[Source data — start]

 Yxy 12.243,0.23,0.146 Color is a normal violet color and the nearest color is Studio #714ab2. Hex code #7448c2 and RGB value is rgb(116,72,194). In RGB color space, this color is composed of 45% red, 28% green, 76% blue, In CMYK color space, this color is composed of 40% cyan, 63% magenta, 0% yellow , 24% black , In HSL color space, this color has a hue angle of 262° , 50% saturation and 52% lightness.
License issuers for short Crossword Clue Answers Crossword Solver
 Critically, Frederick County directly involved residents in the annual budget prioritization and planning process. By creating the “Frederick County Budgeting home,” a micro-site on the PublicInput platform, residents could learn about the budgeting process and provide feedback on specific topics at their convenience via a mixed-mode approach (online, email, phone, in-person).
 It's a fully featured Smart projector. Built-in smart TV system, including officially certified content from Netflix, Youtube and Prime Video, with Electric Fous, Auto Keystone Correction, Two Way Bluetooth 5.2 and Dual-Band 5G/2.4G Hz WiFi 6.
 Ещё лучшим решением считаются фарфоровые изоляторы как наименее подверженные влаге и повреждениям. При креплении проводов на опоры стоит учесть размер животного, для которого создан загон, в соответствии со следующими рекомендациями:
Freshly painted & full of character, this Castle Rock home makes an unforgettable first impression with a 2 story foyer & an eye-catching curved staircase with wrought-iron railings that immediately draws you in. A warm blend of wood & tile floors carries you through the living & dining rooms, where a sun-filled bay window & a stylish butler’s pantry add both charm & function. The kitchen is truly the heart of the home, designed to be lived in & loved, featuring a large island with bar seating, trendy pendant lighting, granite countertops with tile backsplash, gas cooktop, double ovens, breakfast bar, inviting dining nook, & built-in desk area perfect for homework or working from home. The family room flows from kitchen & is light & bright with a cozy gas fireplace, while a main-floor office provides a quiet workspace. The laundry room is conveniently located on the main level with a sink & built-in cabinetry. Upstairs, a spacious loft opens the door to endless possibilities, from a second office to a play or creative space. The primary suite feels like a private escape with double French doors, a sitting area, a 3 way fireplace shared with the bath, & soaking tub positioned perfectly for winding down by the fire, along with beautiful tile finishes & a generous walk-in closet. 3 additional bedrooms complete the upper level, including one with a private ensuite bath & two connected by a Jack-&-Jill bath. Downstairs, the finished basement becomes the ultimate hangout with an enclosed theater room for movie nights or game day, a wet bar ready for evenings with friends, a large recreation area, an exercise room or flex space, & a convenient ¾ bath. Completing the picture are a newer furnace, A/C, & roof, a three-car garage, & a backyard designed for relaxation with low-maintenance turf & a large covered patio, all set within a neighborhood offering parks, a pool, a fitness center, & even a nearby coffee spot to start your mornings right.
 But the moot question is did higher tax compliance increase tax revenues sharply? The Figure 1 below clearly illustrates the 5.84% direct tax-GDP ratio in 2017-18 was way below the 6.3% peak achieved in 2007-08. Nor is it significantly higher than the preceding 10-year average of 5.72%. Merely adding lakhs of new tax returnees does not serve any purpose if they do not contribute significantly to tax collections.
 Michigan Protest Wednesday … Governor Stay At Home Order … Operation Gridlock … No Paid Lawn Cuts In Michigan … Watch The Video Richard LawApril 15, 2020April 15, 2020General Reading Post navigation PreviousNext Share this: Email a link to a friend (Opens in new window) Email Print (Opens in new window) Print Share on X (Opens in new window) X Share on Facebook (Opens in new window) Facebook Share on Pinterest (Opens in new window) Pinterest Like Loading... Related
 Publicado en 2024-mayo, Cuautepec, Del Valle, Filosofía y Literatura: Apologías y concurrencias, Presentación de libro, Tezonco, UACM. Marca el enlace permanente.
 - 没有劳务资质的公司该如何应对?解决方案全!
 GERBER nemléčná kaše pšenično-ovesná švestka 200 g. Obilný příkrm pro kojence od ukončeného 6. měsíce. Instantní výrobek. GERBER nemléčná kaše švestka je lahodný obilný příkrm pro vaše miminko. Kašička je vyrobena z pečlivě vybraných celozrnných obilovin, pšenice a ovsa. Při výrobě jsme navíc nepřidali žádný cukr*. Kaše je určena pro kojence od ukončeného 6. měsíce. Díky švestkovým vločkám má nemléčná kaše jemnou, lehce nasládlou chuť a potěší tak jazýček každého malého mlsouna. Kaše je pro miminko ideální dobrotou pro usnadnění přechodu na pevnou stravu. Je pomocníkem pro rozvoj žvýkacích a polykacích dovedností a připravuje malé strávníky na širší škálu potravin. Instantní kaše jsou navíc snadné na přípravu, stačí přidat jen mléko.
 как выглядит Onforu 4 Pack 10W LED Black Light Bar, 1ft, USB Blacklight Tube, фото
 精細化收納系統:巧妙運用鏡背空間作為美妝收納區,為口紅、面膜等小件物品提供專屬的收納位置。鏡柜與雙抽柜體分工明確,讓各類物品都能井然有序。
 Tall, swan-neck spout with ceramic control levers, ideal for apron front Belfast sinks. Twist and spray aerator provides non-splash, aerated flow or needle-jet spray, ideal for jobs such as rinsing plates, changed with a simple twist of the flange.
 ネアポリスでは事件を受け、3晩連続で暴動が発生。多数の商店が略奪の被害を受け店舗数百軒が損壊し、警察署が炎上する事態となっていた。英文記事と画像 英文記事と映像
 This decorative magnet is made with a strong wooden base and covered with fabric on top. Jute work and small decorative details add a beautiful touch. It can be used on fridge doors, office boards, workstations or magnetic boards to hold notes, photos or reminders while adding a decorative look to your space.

[Source data — finish]

### [What to work on]
When the line with "как выглядит Onforu" is reached in the data above, begin copying, and stop after the line with "精細化收納系統:巧妙運用鏡背"; copy each line exactly, both ends included.

### [Answer]
 как выглядит Onforu 4 Pack 10W LED Black Light Bar, 1ft, USB Blacklight Tube, фото
 精細化收納系統:巧妙運用鏡背空間作為美妝收納區,為口紅、面膜等小件物品提供專屬的收納位置。鏡柜與雙抽柜體分工明確,讓各類物品都能井然有序。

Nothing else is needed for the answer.